Nigerian cenbank stops dollar sales to FX operators, naira sinks

Nigeria's central bank is halting dollar sales to non-bank foreign exchange operators and letting commercial banks accept dollar deposits with immediate effect, its governor said on Monday, in an effort to shore up dwindling foreign reserves.
Africa's biggest economy, an OPEC member state that depends on oil sales for about 95 percent of its foreign reserves, has been hammered by collapsing global oil prices, which has sent its naira currency sharply lower and slowed its economy.
Godwin Emefiele said the sale of foreign exchange to bureaux de change would be discontinued because they were using up the country's foreign reserves for illegal transactions and selling the dollar at 250 naira compared to the official central bank rate of 197 naira.
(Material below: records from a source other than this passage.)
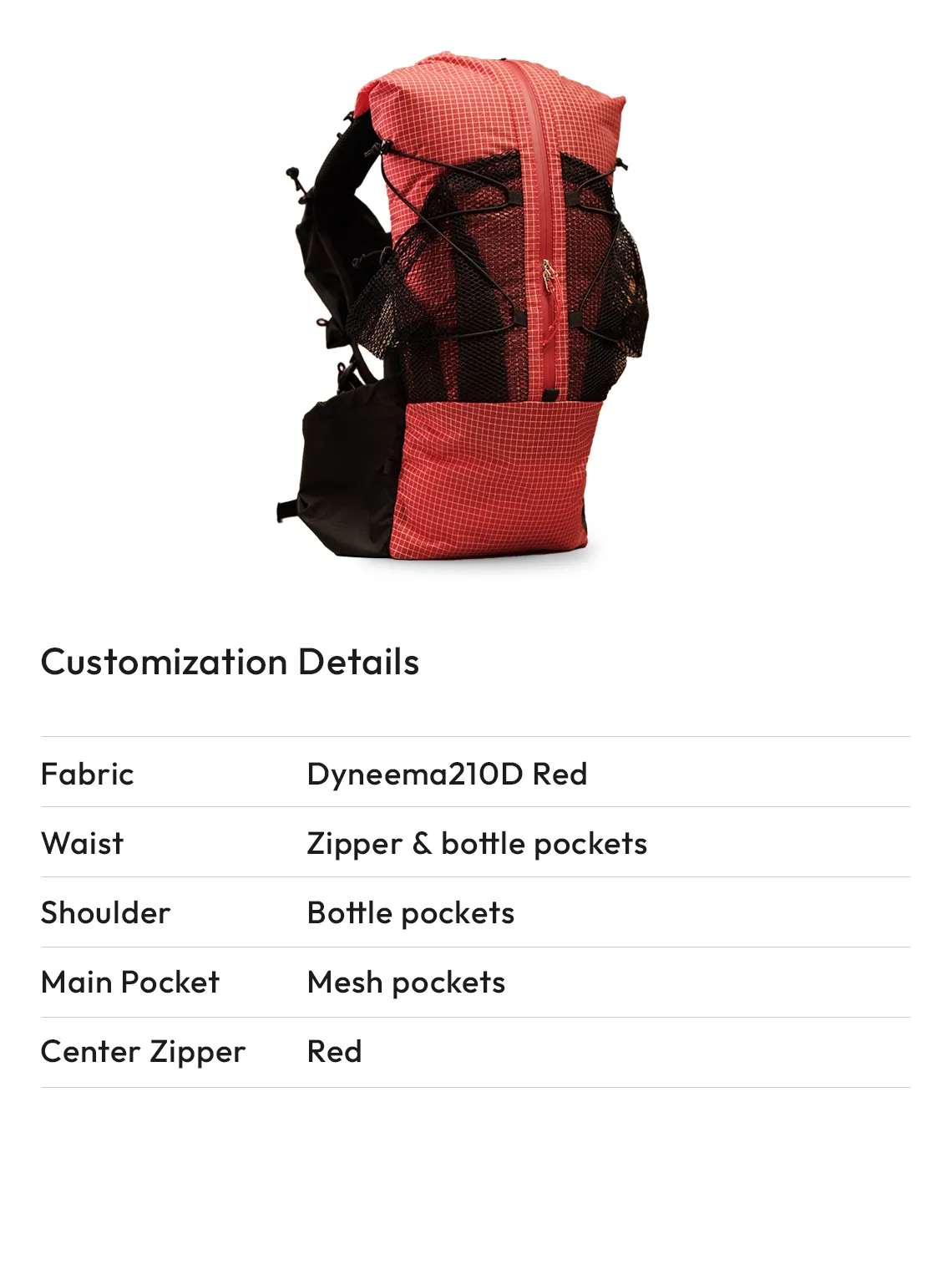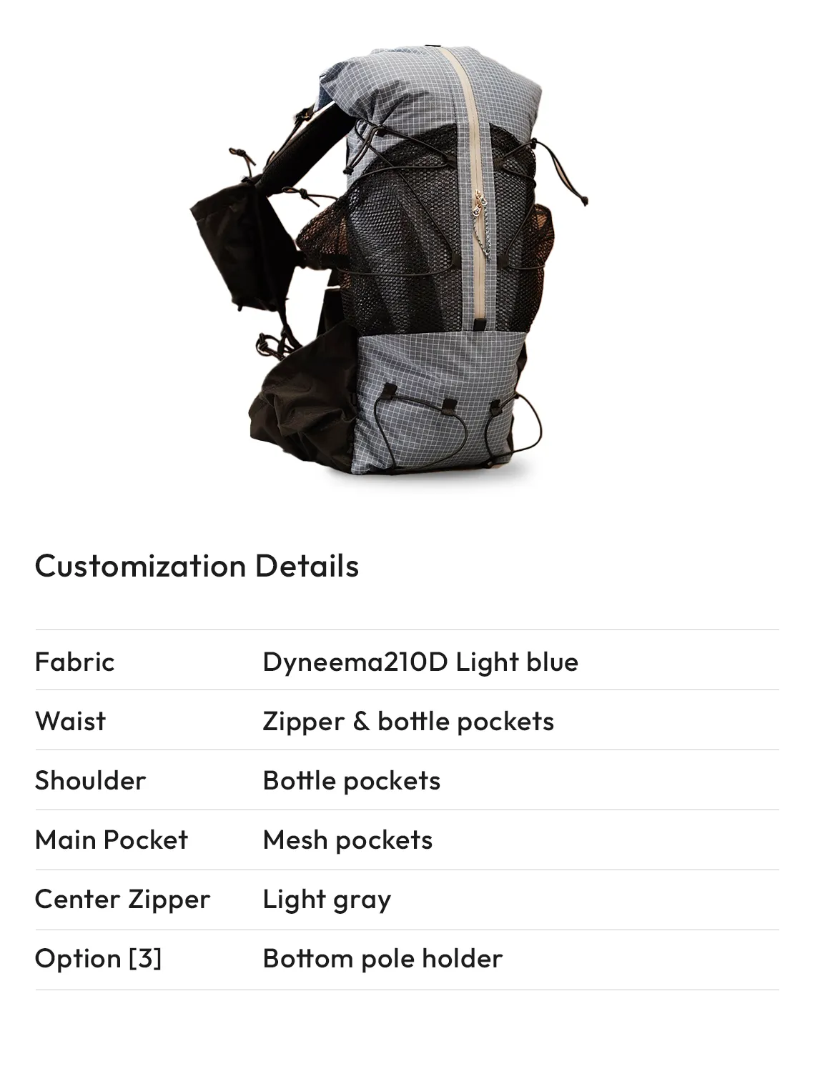 You can choose the type and color of the base fabric for your backpack from options such as 70d Ripstop, Dyneema 140d/210d, and ULTRA200.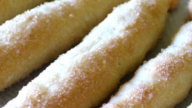 Sur le plan de travail prendre des petites boules de la taille d'une cuillère à café de pâte. Les rouler et les étendre sur un boudin de 15cm avec les bouts plus fins que le centre. Rouler la zézette dans la cassonade et déposer sur le papier cuisson.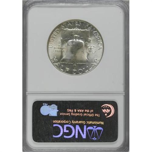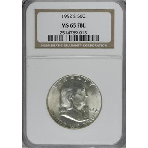 <B>1952-S 50C MS65 Full Bell Lines NGC.</B></I> An unusually intense layer of gleaming mint frost covers both sides of this well struck specimen. The surfaces display an appealing mixture of bluish-silver and pastel peach coloration. A few wispy marks prevent an even finer grade assessment. A great Gem example of this Franklin half dollar key date. Census: 13 in 65 Full Bell Lines, 1 finer (10/07). <BR><BR><b>Shipping:</b> Coins & Currency (<a target="_blank" href="http://www.heritageauctions.com/common/shipping.php">view shipping information</a>)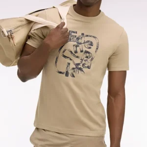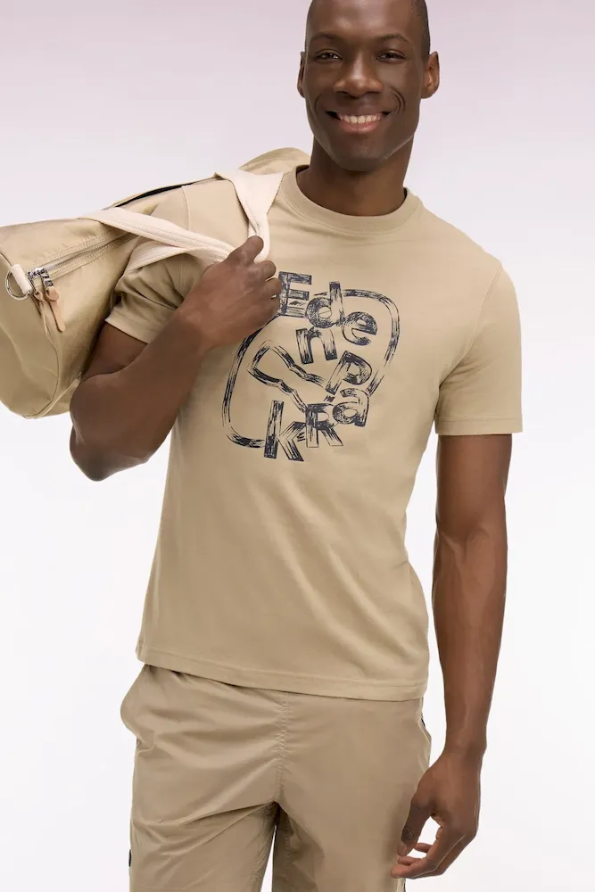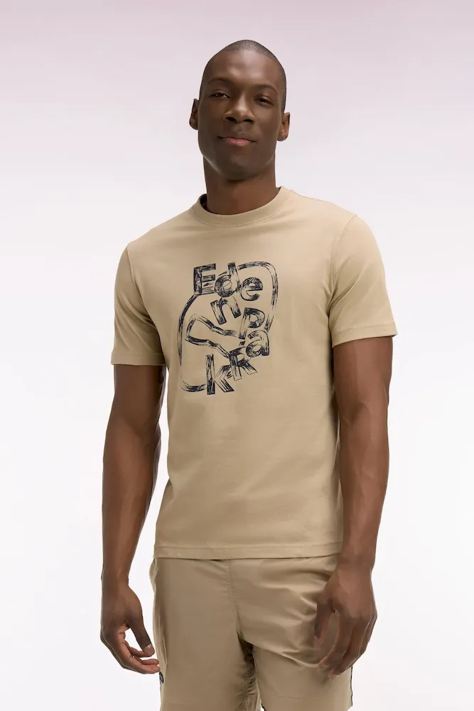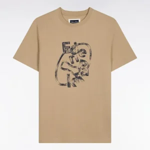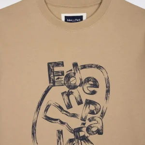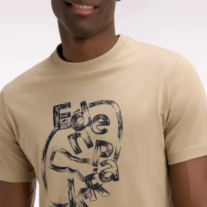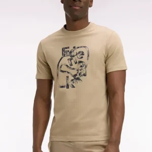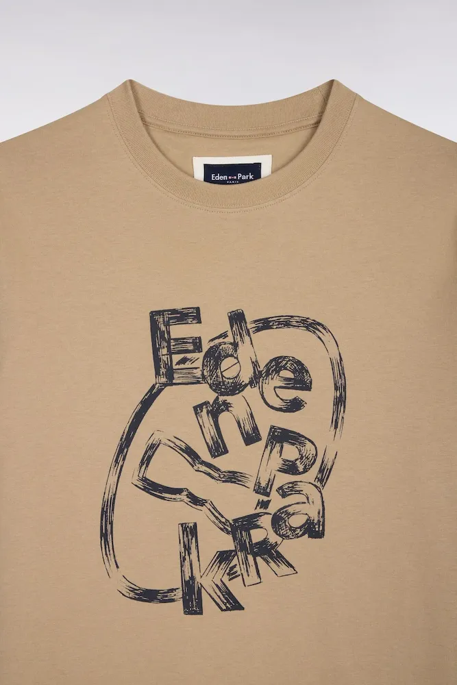 T-shirt à manches courtes en coton beige sérigraphié coupe regular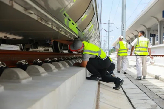 2023年6月26日,青年黨員檢查試驗動車組車下部件狀態。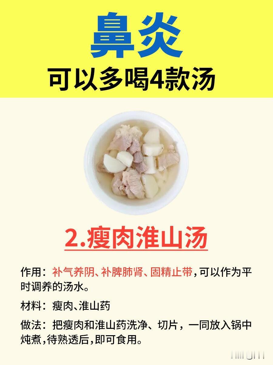 做法超简单,瘦肉和淮山药切块同煮,就能补气养阴、补脾肺肾,适合平时作为日常调养汤。长期喝能让肺的功能更稳定,减少鼻炎发作的频率,特别适合体质偏虚的人。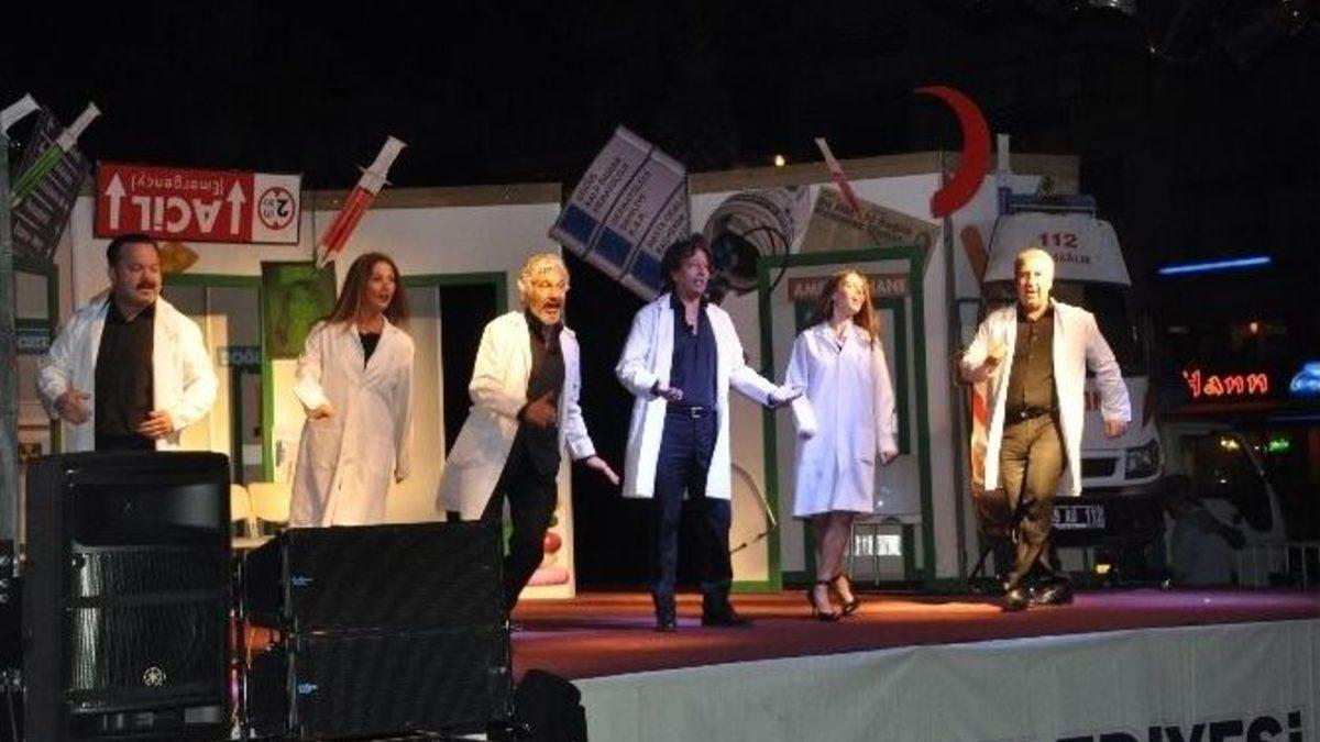 Süheyl-Behzat Uygur kardeşler “Hassta etme adamı” adlı tiyatro oyunlarını Kuşadası’nda sahneledi.Kuşadası Belediyesi Kültür Sanat etkinlikleri çerçevesinde, İsmail Cem Barış ve Dostluk Meydanı’nda sahnelenen oyun vatandaşı kahkahaya boğdu. Tatilcilerin de ilgi gösterdiği oyunu izleyenler arasında Kuşadası Belediye Başkanı Özer Kayalı ve eşi Nil Kayalı da yer aldı.

The currency hit a record low of 282 per dollar on the unofficial market on Monday after the central bank's announcement.
Emefiele said foreign reserves stood at around $28 billion compared with $37 billion in June 2014, and that the bureaux were depleting them at a rate of $28.4 million per week.
"This is a huge haemorrhage on our scarce foreign exchange reserves, and cannot continue," Emefiele told a news conference in the capital Abuja.
Emefiele said monthly foreign earnings had plummeted as low as $1 billion from highs of $3.2 billion while demand for foreign exchange has risen sharply over the last decade.
"The last time we had oil prices at about $50 per barrel for an extended period of time was in 2005. At that time, our average import bill was 148.3 billion naira per month... Our average import bill for the first nine months of 2015 is 917.6 billion," he said.